Based on the information collected in these sessions, the ClearScale team was able to design a cloud landing zone according to AWS best practices. ClearScale implemented AWS Control Tower, which enables users to set up and govern multi-account AWS environments. The service makes it easy for builders to provision new accounts without compromising policy compliance, as well as write guardrails that provide ongoing governance.

The design also involved Organization Units (OUs) so that ACR could group accounts that are designated for HIPAA-compliant workloads. That way, the group can easily manage user access to protected data and provide logical separation from other types of workloads.

To help automate governance, ClearScale implemented service control policies (SCPs) and AWS Config rules that allow ACR to apply governance at every level of the landing zone. In addition, the ClearScale team created a custom set of SCPs and config rules to help enforce cloud governance according to ACR’s specific cloud objectives.

The Benefits

With ClearScale’s help, ACR was able to develop a landing zone that would serve as the starting point for the organization’s cloud infrastructure.
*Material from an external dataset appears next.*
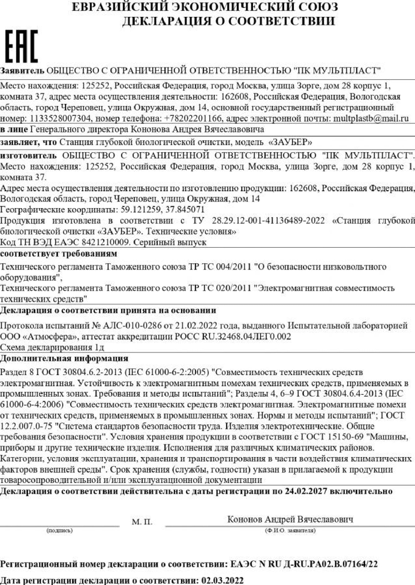 Установка септика Гринлос Эко 3

ACR was able to logically separate HIPAA-compliant workloads from other workload types to assist in securing the data. The organization’s IT team can now apply automated cloud governance controls across its landing zone, saving both time and resources without compromising functionality.

It is now easier to implement user access controls for protected data, thus reducing both the risk and time-intensive nature of conducting complex analyses across multiple datasets. With centralized logging, ACR has a single, integrated source to track activities, which makes it easier to perform diagnostics and trace activity.

Looking ahead, ACR has a powerful foundation on which to grow its cloud infrastructure.